Look below for the line with "Выдвижная корзина отлично" and the line with "主页——赚钱这里是核心部分,其他的选项都". Copy exactly those two lines and every line between, but not the pictures.

*** Opening EXERCISE INPUTS ***

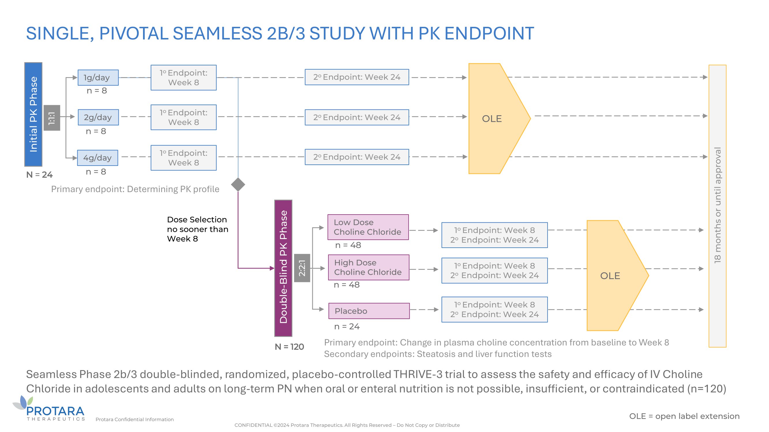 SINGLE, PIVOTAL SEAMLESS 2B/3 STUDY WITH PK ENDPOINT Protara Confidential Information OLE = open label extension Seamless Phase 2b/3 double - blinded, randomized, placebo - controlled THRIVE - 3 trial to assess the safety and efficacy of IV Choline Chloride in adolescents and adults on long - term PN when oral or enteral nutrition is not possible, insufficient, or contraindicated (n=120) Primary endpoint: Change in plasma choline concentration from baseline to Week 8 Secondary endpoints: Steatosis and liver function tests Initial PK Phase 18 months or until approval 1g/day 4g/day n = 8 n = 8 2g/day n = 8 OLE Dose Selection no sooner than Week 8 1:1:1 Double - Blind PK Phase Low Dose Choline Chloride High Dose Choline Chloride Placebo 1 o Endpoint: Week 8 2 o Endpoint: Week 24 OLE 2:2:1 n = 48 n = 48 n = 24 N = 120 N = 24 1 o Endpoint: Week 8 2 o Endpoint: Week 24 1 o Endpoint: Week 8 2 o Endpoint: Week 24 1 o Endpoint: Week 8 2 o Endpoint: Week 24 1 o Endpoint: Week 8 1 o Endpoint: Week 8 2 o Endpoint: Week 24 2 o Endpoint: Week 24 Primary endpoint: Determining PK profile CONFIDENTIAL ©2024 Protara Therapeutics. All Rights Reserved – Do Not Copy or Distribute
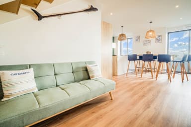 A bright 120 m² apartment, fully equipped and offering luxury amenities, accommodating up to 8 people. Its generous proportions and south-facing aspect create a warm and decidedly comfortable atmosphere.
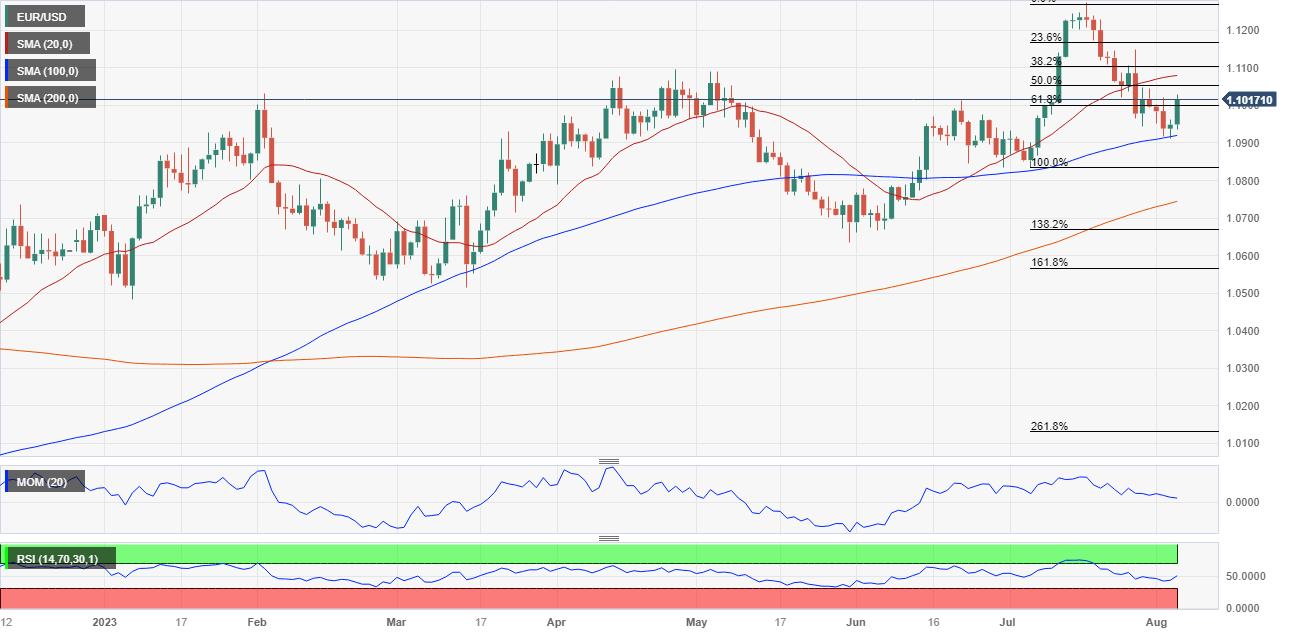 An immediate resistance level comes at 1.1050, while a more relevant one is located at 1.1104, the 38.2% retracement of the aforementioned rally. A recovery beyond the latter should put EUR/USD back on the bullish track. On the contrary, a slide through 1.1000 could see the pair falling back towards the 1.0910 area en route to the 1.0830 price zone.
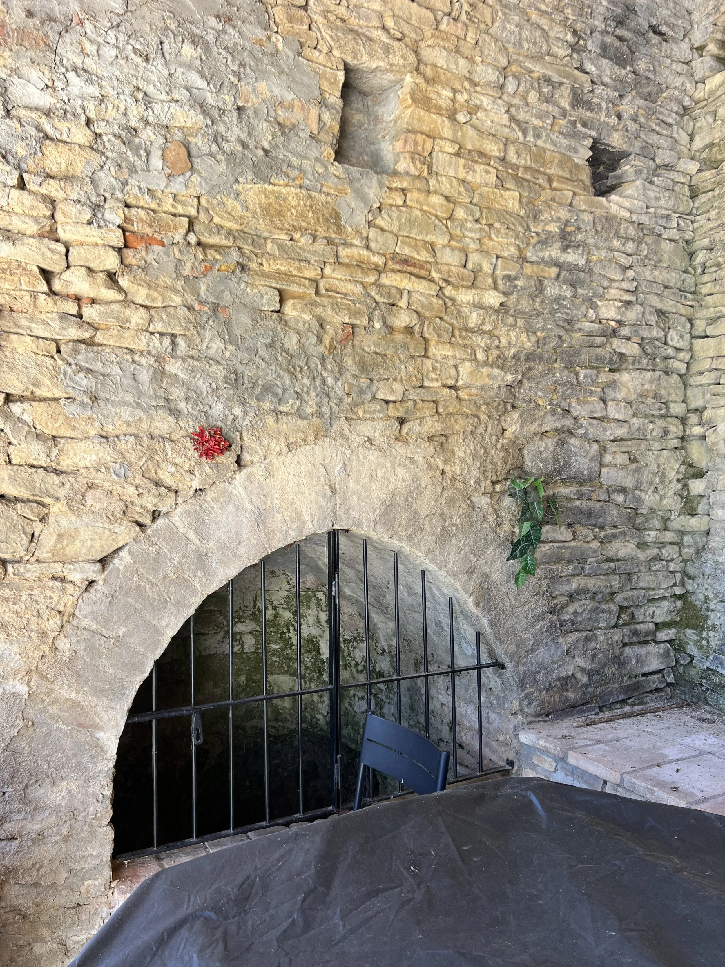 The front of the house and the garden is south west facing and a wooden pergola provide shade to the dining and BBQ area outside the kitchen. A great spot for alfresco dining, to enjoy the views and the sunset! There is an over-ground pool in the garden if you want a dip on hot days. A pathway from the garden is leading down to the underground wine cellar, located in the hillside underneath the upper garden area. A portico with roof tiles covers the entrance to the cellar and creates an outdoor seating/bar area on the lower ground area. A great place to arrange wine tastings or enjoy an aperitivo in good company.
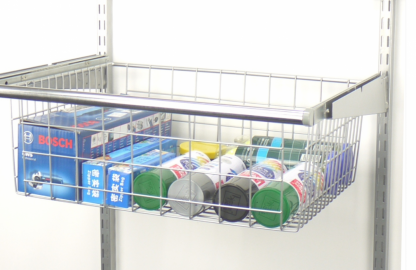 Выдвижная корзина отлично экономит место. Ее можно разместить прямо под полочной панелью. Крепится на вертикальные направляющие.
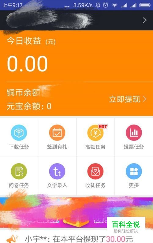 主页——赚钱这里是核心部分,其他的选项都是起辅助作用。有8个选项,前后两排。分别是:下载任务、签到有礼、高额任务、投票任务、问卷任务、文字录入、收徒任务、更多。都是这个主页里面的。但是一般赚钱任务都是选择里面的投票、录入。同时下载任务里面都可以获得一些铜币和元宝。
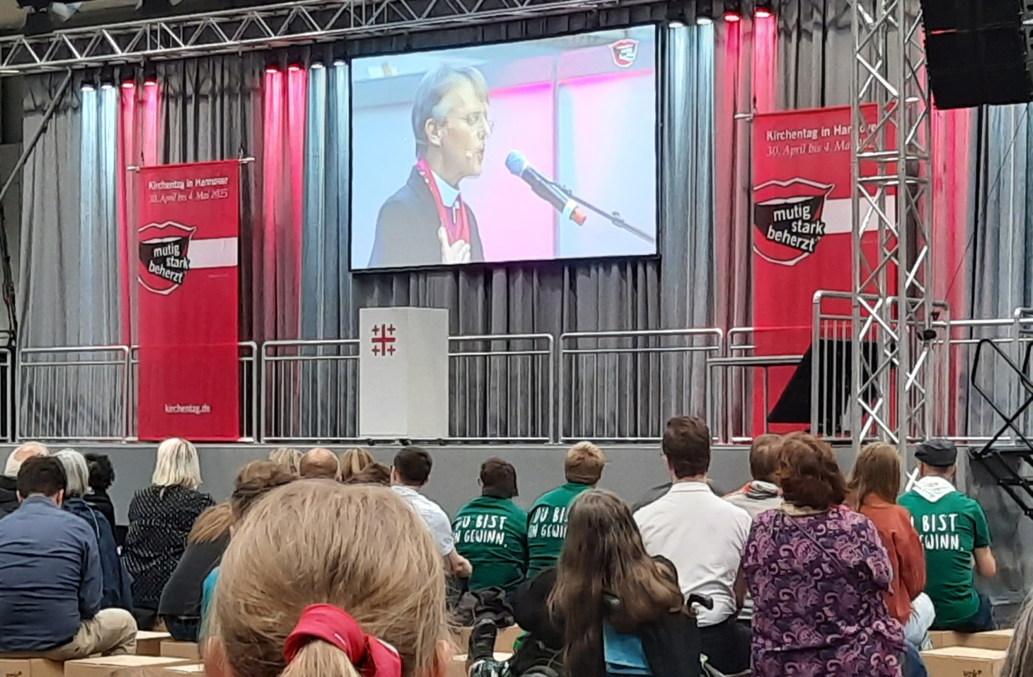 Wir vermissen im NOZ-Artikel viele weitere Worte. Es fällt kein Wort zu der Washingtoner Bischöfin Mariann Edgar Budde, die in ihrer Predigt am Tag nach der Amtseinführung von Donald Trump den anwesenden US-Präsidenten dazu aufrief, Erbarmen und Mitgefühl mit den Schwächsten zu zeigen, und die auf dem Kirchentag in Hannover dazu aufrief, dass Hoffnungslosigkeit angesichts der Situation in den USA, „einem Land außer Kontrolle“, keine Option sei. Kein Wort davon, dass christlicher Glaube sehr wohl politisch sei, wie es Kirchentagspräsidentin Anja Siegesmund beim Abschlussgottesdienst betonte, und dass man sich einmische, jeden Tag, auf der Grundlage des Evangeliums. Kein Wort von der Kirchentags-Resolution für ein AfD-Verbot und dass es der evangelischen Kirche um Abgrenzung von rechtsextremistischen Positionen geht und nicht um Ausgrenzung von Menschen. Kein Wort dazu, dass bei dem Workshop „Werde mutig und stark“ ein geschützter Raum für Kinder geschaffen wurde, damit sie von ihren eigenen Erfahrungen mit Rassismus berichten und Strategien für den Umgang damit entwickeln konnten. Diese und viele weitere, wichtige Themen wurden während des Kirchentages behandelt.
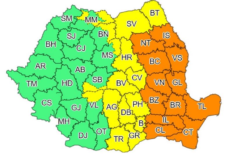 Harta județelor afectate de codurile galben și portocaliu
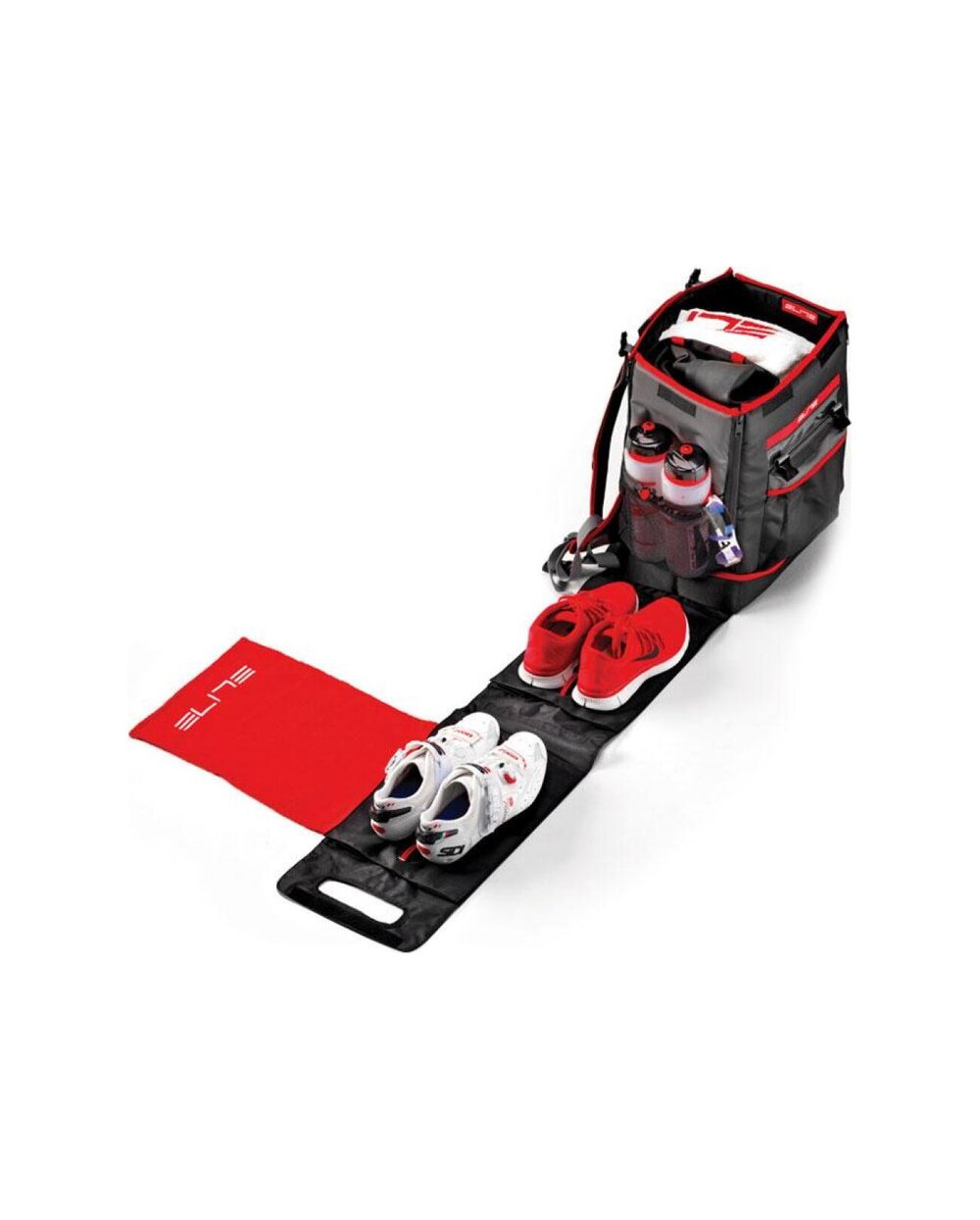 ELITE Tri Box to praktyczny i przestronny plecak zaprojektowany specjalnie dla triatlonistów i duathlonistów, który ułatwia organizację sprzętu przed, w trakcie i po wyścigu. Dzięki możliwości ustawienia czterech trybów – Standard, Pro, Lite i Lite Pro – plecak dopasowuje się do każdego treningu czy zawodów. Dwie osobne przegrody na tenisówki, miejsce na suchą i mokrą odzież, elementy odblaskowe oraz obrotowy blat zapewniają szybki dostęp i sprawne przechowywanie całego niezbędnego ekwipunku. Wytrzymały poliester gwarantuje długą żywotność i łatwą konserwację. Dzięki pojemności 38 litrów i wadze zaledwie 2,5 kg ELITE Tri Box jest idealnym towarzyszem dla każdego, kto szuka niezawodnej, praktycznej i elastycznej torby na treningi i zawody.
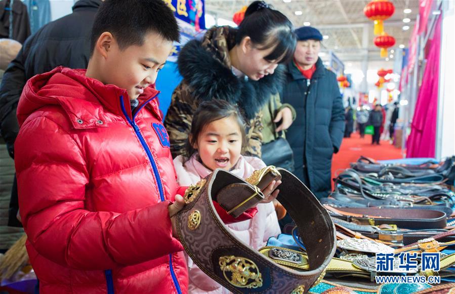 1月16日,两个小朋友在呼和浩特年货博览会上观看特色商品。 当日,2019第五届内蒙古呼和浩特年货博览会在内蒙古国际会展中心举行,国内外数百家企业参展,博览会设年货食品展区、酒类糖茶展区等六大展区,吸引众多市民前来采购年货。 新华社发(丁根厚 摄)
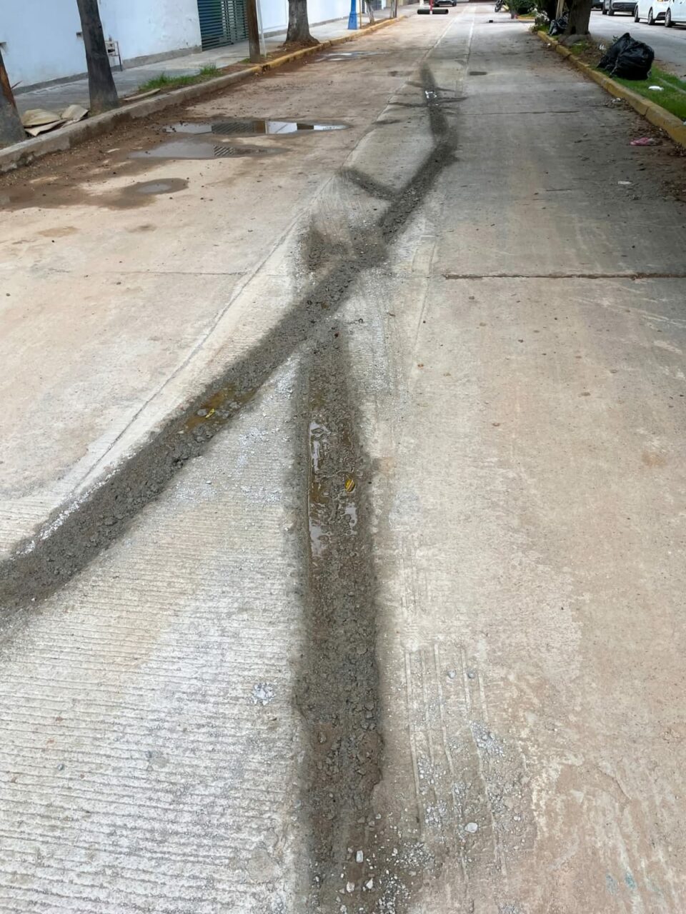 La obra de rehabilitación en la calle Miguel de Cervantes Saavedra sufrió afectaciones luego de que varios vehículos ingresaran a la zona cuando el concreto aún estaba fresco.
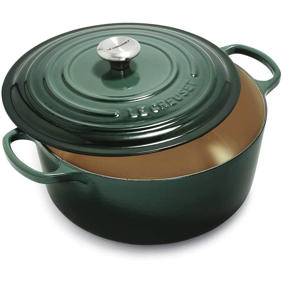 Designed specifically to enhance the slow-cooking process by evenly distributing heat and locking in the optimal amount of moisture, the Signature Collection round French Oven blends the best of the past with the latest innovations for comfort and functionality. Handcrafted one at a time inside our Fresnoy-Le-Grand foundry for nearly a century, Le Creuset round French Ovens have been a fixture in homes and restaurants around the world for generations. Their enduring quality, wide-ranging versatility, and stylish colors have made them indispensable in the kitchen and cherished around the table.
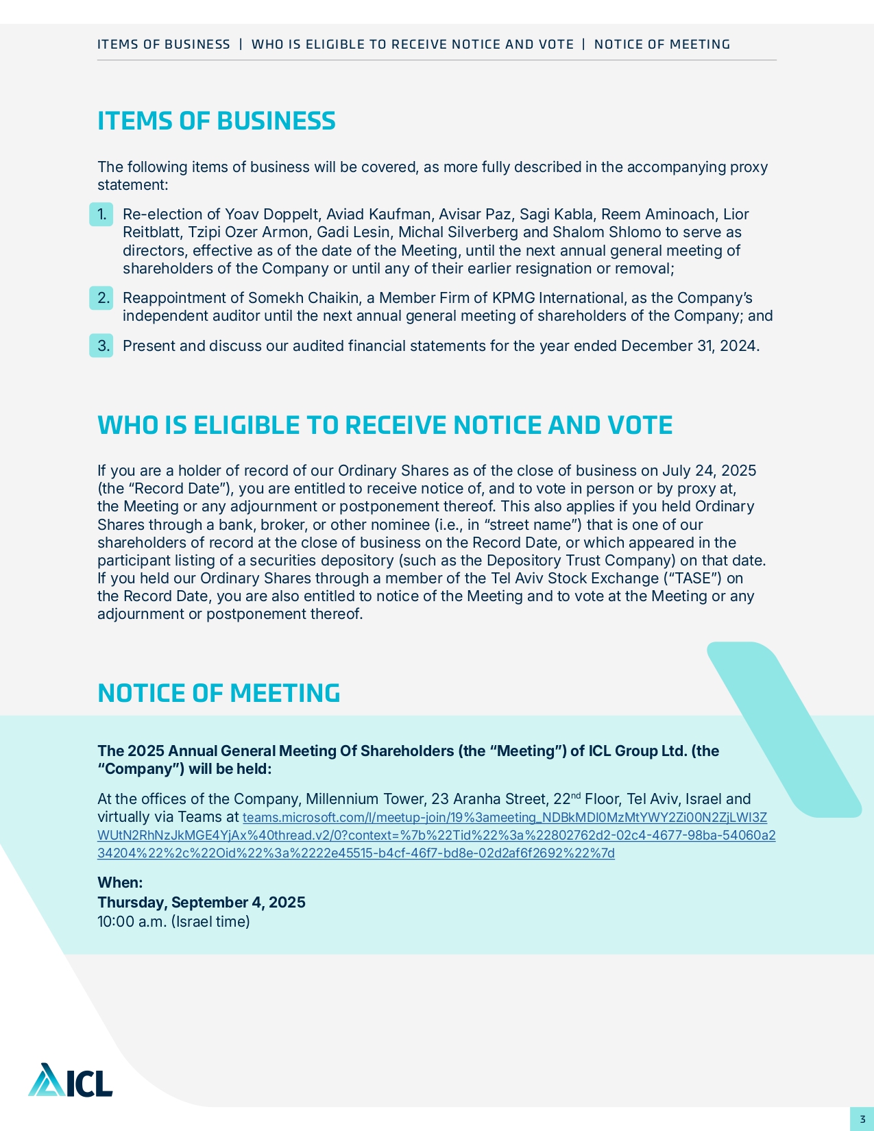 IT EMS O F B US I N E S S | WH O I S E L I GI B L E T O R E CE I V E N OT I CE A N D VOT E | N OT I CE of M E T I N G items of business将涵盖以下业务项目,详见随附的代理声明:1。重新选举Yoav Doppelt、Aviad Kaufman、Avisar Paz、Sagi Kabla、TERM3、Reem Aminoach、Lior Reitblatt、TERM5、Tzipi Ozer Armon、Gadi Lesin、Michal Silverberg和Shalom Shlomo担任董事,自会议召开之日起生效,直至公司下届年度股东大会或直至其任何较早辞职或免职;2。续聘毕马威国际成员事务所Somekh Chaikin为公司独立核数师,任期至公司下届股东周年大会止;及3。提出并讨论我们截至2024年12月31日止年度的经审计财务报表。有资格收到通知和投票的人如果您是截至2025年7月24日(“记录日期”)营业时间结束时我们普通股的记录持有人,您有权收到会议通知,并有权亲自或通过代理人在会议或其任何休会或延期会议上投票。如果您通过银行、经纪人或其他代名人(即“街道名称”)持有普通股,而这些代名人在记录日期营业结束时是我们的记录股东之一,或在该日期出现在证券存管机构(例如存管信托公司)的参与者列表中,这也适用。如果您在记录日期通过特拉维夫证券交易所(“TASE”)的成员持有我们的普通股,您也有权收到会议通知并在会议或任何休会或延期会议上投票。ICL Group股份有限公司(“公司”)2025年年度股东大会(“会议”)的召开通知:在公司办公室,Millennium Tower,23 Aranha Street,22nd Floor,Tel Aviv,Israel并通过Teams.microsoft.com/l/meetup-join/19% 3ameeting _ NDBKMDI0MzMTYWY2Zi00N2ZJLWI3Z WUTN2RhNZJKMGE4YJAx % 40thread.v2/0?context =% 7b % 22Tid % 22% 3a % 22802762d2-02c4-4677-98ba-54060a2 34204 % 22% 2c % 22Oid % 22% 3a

*** Closing EXERCISE INPUTS ***

#### [WRITTEN RESPONSE]
 Выдвижная корзина отлично экономит место. Ее можно разместить прямо под полочной панелью. Крепится на вертикальные направляющие.
 主页——赚钱这里是核心部分,其他的选项都是起辅助作用。有8个选项,前后两排。分别是:下载任务、签到有礼、高额任务、投票任务、问卷任务、文字录入、收徒任务、更多。都是这个主页里面的。但是一般赚钱任务都是选择里面的投票、录入。同时下载任务里面都可以获得一些铜币和元宝。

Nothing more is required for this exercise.